Problem statement
Could you retype all of the records exactly, leaving out every picture?

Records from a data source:

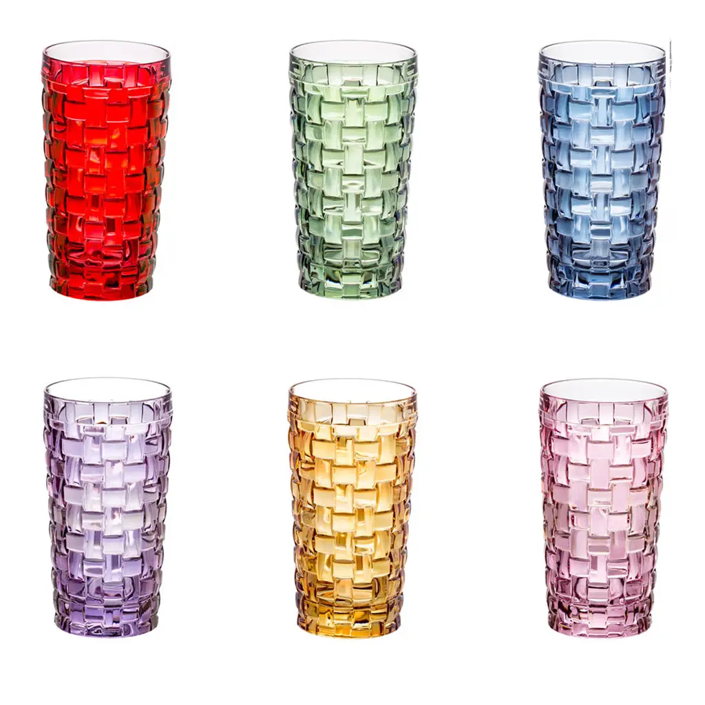 Exquisite craftsmanship, striking texture, and unique color combinations are the alluring qualities of this set of six water glasses of the Manhattan Collection. The linear silhouette of the pieces in glass is hand decorated by hand with a superb series of geometric patterns juxtaposed to create an enlivening surface, highlighted by the different colors that give each glass a distinct character. Used for both everyday and formal occasions, this set is combined with the glasses from the same series to make an elegant statement. Each glass is 10 cm in height.
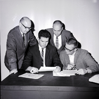 Studying the amount spent by the Twin Falls Red Cross chapter during 1964 are four board of directors of the chapter. From left to right are William Boyd, public information chairman; William K. Evans, vice chairman; LuDell Waldron, treasurer; and Milo Pope, chairman. The Twin Falls chapter is a participating agency of the United Fund. The four men are dressed in suits and ties. A telephone sits on the desk.
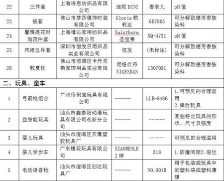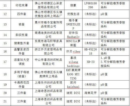 广东省工商局消费者权益保护处处长陈业怀介绍,在本次公布的缺陷商品名单中,有26款商品类属床上用品,商品中存在的缺陷为染料可分解致癌芳香胺、纺织品pH值不符合标准。
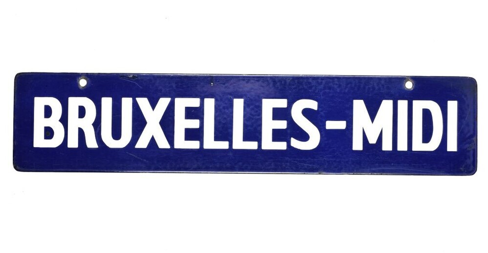 BeschrijvingBlauw bord met witte letters. Werd aan een treinaankondiger gehangen om treinen richting Brussel-Zuid aan te kondigen.
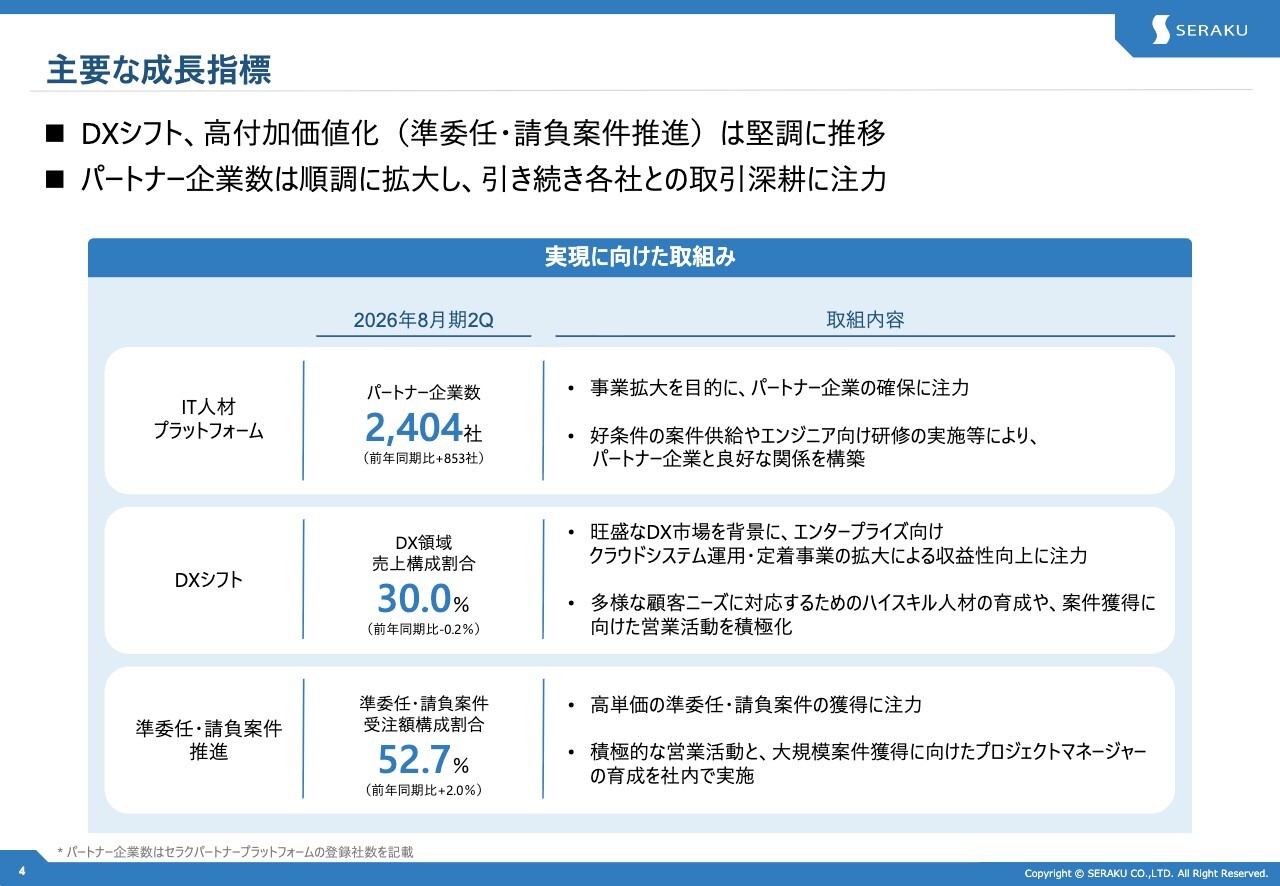 こちらでは主要な成長指標についてご説明します。IT人材プラットフォームに登録されているビジネスパートナーの増加は継続しており、当社案件に対してパートナーエンジニアの参画も着実に増加しています。
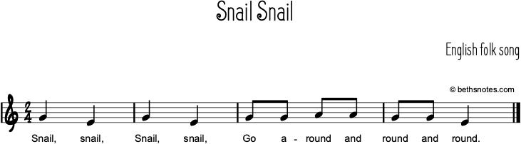 - Melody: mi so la / E,G,A
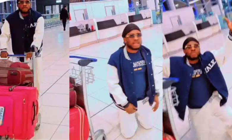 Nigerian man known as Henry celebrates with great joy in his heart as he arrives at UK airport after relocating from Nigeria amidst the nation’s hardship.
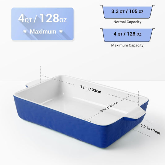 4 QT Baking Dish, Casserole Dishes for Oven, 9x13 Baking Pan with Handles, Lasagna Pan Deep, Ceramic Casserole Dish Oven Safe for Baking, Lasagna, Kitchen, Wedding Gift (Dark Blue)
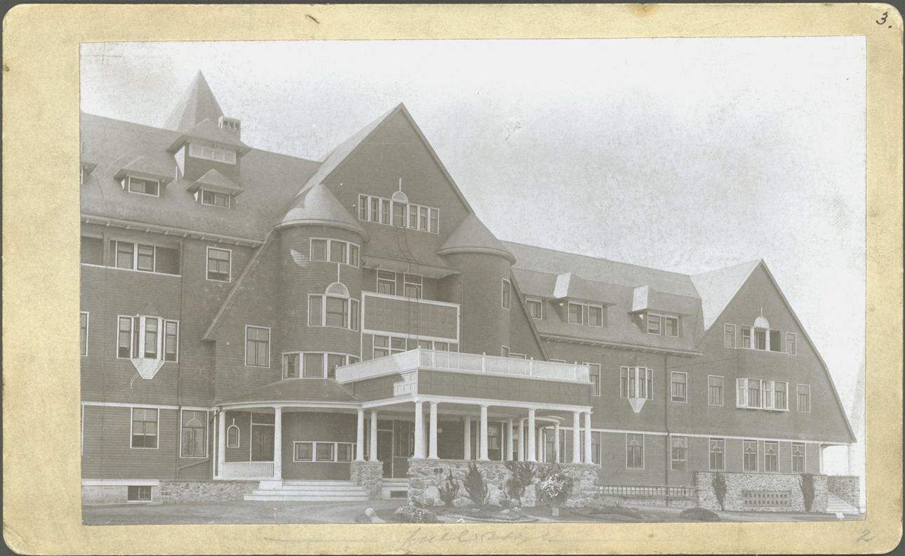 Exterior view of the Mettawas Hotel, including porte-cochere and veranda. Written on photo back: "Mettawas Hotel-North Front." Stamped on photo back: "Office of Mason & Rice, architects."
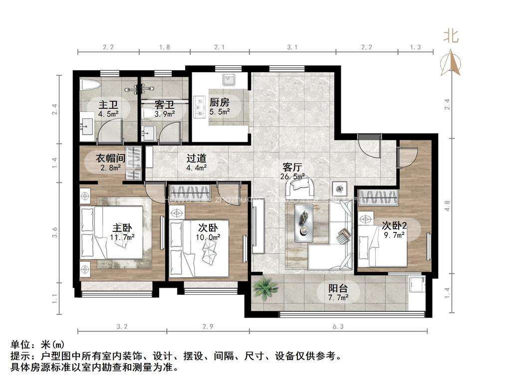 厅室3室2厅2卫1阳台
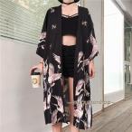 レディースファッション 和柄 ガウン ロング丈 トップス 羽織 ジャケット 長袖 薄手 鶴 柄 カッコイイ 個性的 和風 オリエンタル 鳥 総柄 派手 目立つ
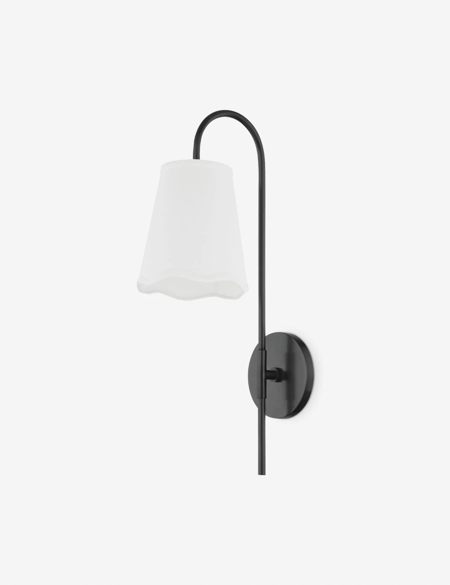 Traditional notes blend with a playful elegance in the Jessica sconce. The metal arm takes a swanlike line into a white linen shade with a wavy edge for a subtle floral charm. We love this wall sconce styled in pairs for elevated lighting in a transitional home design.

Task output
 Exquisite craftsmanship, striking texture, and unique color combinations are the alluring qualities of this set of six water glasses of the Manhattan Collection. The linear silhouette of the pieces in glass is hand decorated by hand with a superb series of geometric patterns juxtaposed to create an enlivening surface, highlighted by the different colors that give each glass a distinct character. Used for both everyday and formal occasions, this set is combined with the glasses from the same series to make an elegant statement. Each glass is 10 cm in height.
 Studying the amount spent by the Twin Falls Red Cross chapter during 1964 are four board of directors of the chapter. From left to right are William Boyd, public information chairman; William K. Evans, vice chairman; LuDell Waldron, treasurer; and Milo Pope, chairman. The Twin Falls chapter is a participating agency of the United Fund. The four men are dressed in suits and ties. A telephone sits on the desk.
 广东省工商局消费者权益保护处处长陈业怀介绍,在本次公布的缺陷商品名单中,有26款商品类属床上用品,商品中存在的缺陷为染料可分解致癌芳香胺、纺织品pH值不符合标准。
 BeschrijvingBlauw bord met witte letters. Werd aan een treinaankondiger gehangen om treinen richting Brussel-Zuid aan te kondigen.
 こちらでは主要な成長指標についてご説明します。IT人材プラットフォームに登録されているビジネスパートナーの増加は継続しており、当社案件に対してパートナーエンジニアの参画も着実に増加しています。
 - Melody: mi so la / E,G,A
 Nigerian man known as Henry celebrates with great joy in his heart as he arrives at UK airport after relocating from Nigeria amidst the nation’s hardship.
 4 QT Baking Dish, Casserole Dishes for Oven, 9x13 Baking Pan with Handles, Lasagna Pan Deep, Ceramic Casserole Dish Oven Safe for Baking, Lasagna, Kitchen, Wedding Gift (Dark Blue)
 Exterior view of the Mettawas Hotel, including porte-cochere and veranda. Written on photo back: "Mettawas Hotel-North Front." Stamped on photo back: "Office of Mason & Rice, architects."
 厅室3室2厅2卫1阳台
 レディースファッション 和柄 ガウン ロング丈 トップス 羽織 ジャケット 長袖 薄手 鶴 柄 カッコイイ 個性的 和風 オリエンタル 鳥 総柄 派手 目立つ
 Traditional notes blend with a playful elegance in the Jessica sconce. The metal arm takes a swanlike line into a white linen shade with a wavy edge for a subtle floral charm. We love this wall sconce styled in pairs for elevated lighting in a transitional home design.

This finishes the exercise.